[What the exercise asks] Omit every picture while repeating the entries exactly.

Dataset excerpts

--------------------------------------------------

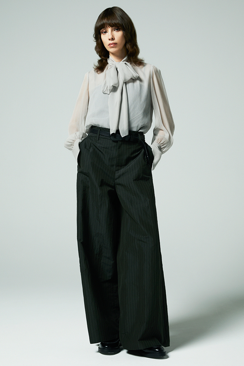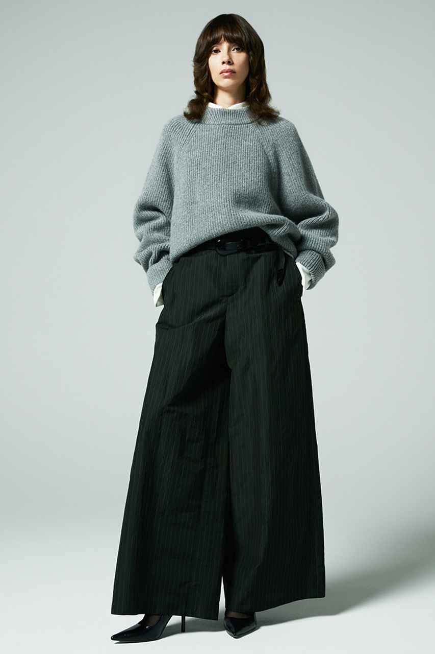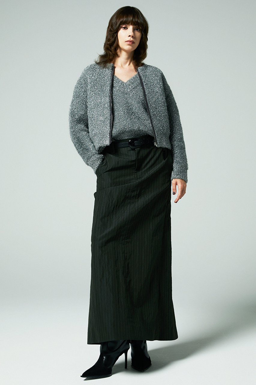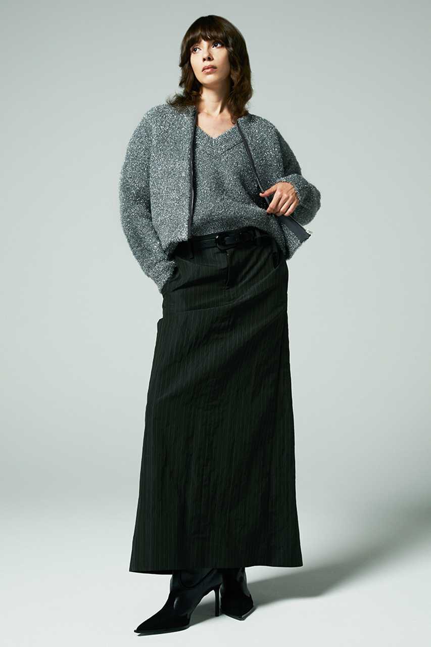 同素材を使用したバックフレアスカートは、フロント部分はフラットに、バックスタイルは裾に向かって自然に広がる個性的なシルエットがポイント。時間をゆっくりかけて微妙なシワ加工を施すことでラグジュアリーなリラックス感を醸し出しました。腰まわりが華奢に見えるデザインでボリュームのあるトップスと好相性。モード感とエレガンスを両立させています。
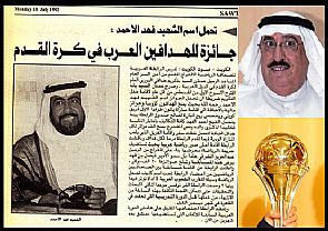 وحدد ' السيد ' الاسبوع الاول من شهر اغسطس من كل عام لاقامة حفل تكريم وتقديم الجائزة العربية شريطة ان تحمل الجوائز اسم الشهيد فهد الاحمد رحمه الله مشيرا ان فكرة ' عدنان السيد ' نفذت بعد 7 اعوام وتحديدا في عام 1999 عندما استلم مهاجم الكويت اللاعب فرج لهيب جائزة اول كرة ذهبية لافضل لاعب عربي واعد .
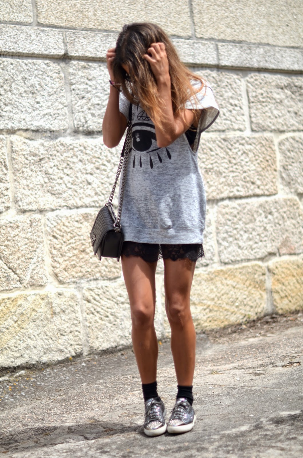 Y la falda de encaje por debajo, le da el contrapunto más femenino al look. Y con mis adoradas sneakers glitter como colofón del look :)
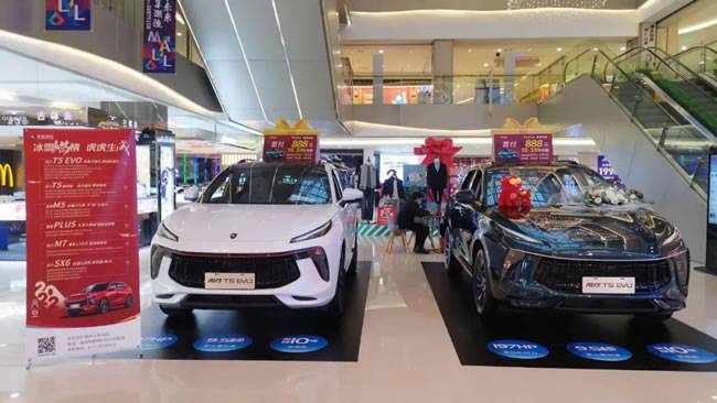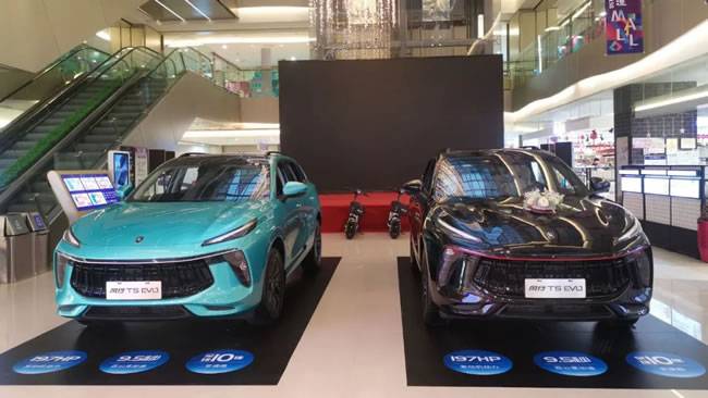 标配瑞立产品的东风柳汽系列乘用车正在瑞立外滩生活广场展出
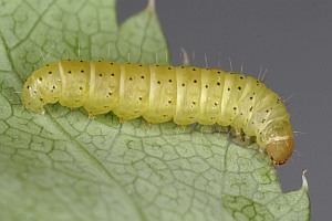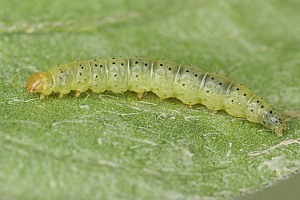 1-2: zwei Individuen, 8 bzw. 10 mm, Österreich, Niederösterreich, Hundsheim-Hexenberg, leg. Raupengespinst an Berg-Haarstrang (Peucedanum oreoselinum) 10. Mai 2008 (Fotos vom 23. Mai 2008: Peter Buchner) (Die Raupen 1+2 waren bis 6. Februar 2011 fehlbestimmt unter Agonopterix selini eingestellt)Forum
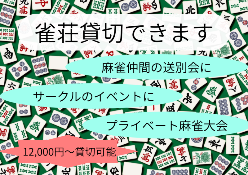 | お店のPR | 阪急大宮駅から徒歩4分!地下鉄四条駅から徒歩9分! 1卓1時間666円!(45分500円)京都最安の雀荘がNewオープン!フリードリンク付き! コインタイマー式のセルフ雀荘が初めての方でも簡単にご遊戯可能です。是非お気軽にご来店ください。 ご不明点などがある場合も丁寧に説明いたします! 持ち込み自由です。(お客様用冷蔵庫・電子レンジあり) フードも格安なので、手ぶらで来ても安心! どうぞお気軽にご来店ください! |
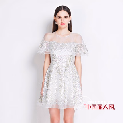 这件连衣裙更加高档的面料,给人舒适柔和的享受。独特的衣领设计,收腰的版型,会让你散发出公主的气质。白色的透视网纱,将女人衬托的雅致唯美,很有名媛气质。搭配一双紫的的高跟鞋,尽显清丽风格。
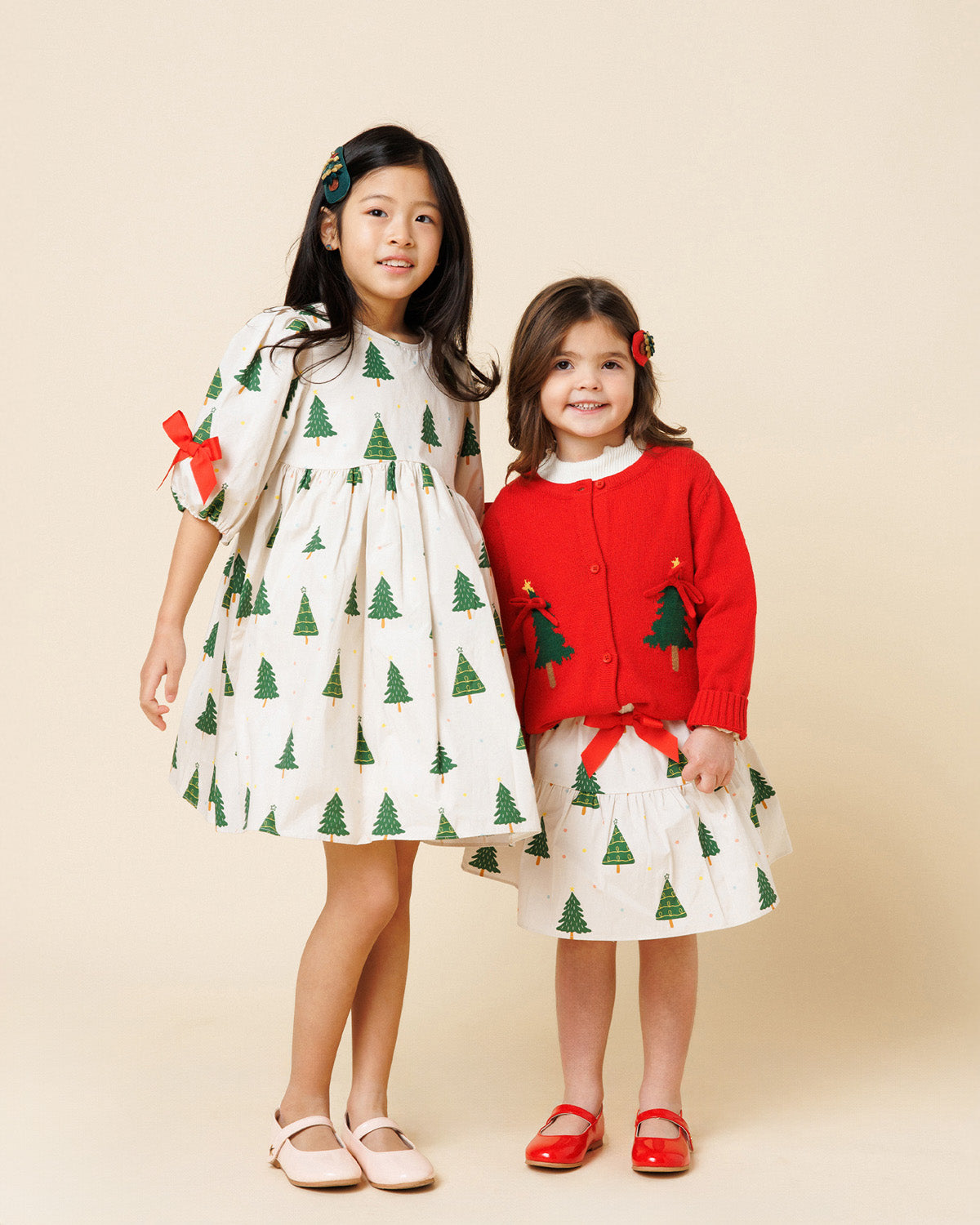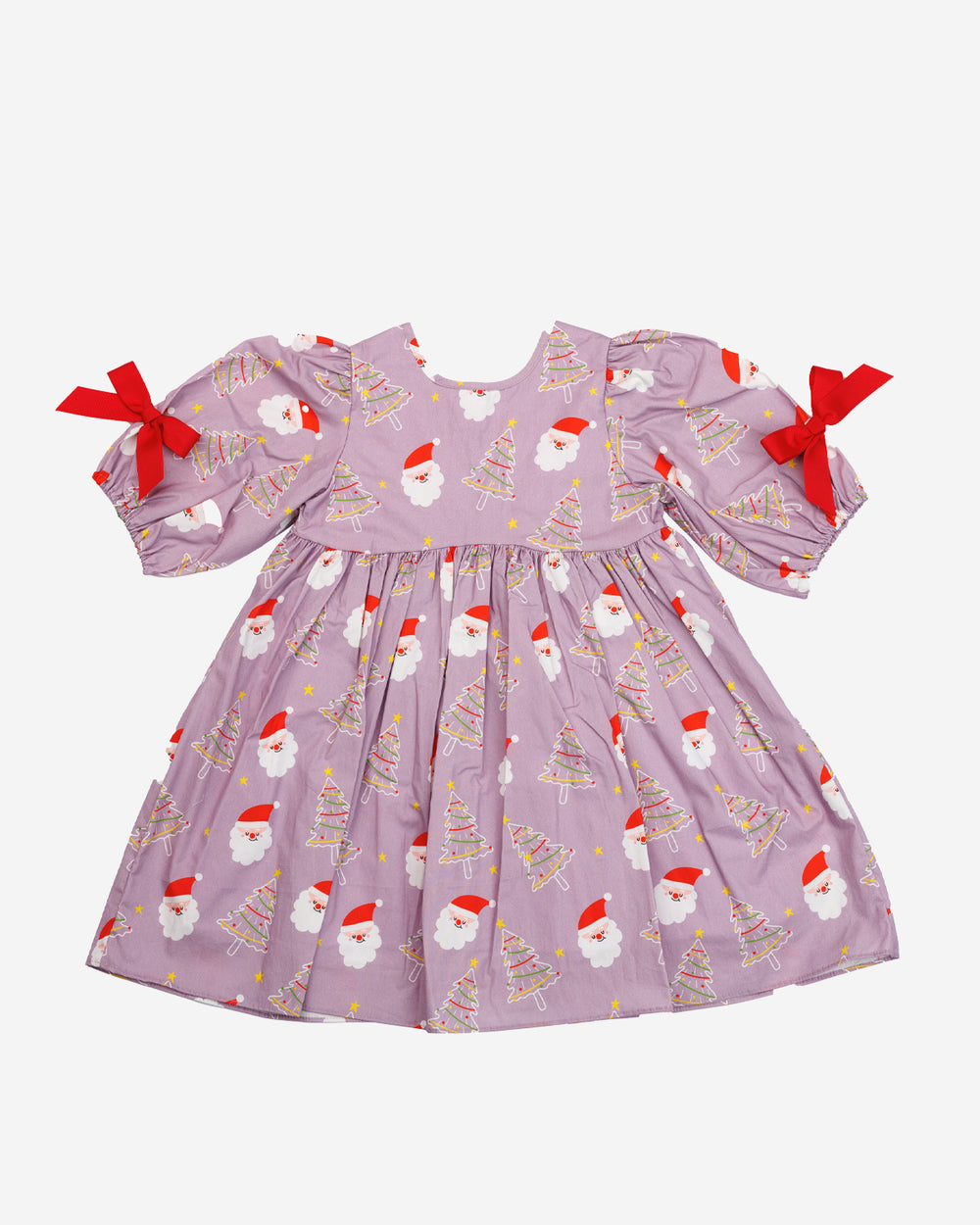 Bring holiday magic to every twirl. Our Printed Balloon Dress is full of festive charm, featuring an allover Christmas tree print with colorful accents. Puffy balloon sleeves tied with bright red bows add a playful touch, while the full gathered skirt is perfect for dancing, photos, and joyful celebrations. Soft, comfy, and oh-so-sweet, it’s the dress made to shine at every holiday moment.

--------------------------------------------------

[Output below]
 同素材を使用したバックフレアスカートは、フロント部分はフラットに、バックスタイルは裾に向かって自然に広がる個性的なシルエットがポイント。時間をゆっくりかけて微妙なシワ加工を施すことでラグジュアリーなリラックス感を醸し出しました。腰まわりが華奢に見えるデザインでボリュームのあるトップスと好相性。モード感とエレガンスを両立させています。
 وحدد ' السيد ' الاسبوع الاول من شهر اغسطس من كل عام لاقامة حفل تكريم وتقديم الجائزة العربية شريطة ان تحمل الجوائز اسم الشهيد فهد الاحمد رحمه الله مشيرا ان فكرة ' عدنان السيد ' نفذت بعد 7 اعوام وتحديدا في عام 1999 عندما استلم مهاجم الكويت اللاعب فرج لهيب جائزة اول كرة ذهبية لافضل لاعب عربي واعد .
 Y la falda de encaje por debajo, le da el contrapunto más femenino al look. Y con mis adoradas sneakers glitter como colofón del look :)
 标配瑞立产品的东风柳汽系列乘用车正在瑞立外滩生活广场展出
 1-2: zwei Individuen, 8 bzw. 10 mm, Österreich, Niederösterreich, Hundsheim-Hexenberg, leg. Raupengespinst an Berg-Haarstrang (Peucedanum oreoselinum) 10. Mai 2008 (Fotos vom 23. Mai 2008: Peter Buchner) (Die Raupen 1+2 waren bis 6. Februar 2011 fehlbestimmt unter Agonopterix selini eingestellt)Forum
 | お店のPR | 阪急大宮駅から徒歩4分!地下鉄四条駅から徒歩9分! 1卓1時間666円!(45分500円)京都最安の雀荘がNewオープン!フリードリンク付き! コインタイマー式のセルフ雀荘が初めての方でも簡単にご遊戯可能です。是非お気軽にご来店ください。 ご不明点などがある場合も丁寧に説明いたします! 持ち込み自由です。(お客様用冷蔵庫・電子レンジあり) フードも格安なので、手ぶらで来ても安心! どうぞお気軽にご来店ください! |
 这件连衣裙更加高档的面料,给人舒适柔和的享受。独特的衣领设计,收腰的版型,会让你散发出公主的气质。白色的透视网纱,将女人衬托的雅致唯美,很有名媛气质。搭配一双紫的的高跟鞋,尽显清丽风格。
 Bring holiday magic to every twirl. Our Printed Balloon Dress is full of festive charm, featuring an allover Christmas tree print with colorful accents. Puffy balloon sleeves tied with bright red bows add a playful touch, while the full gathered skirt is perfect for dancing, photos, and joyful celebrations. Soft, comfy, and oh-so-sweet, it’s the dress made to shine at every holiday moment.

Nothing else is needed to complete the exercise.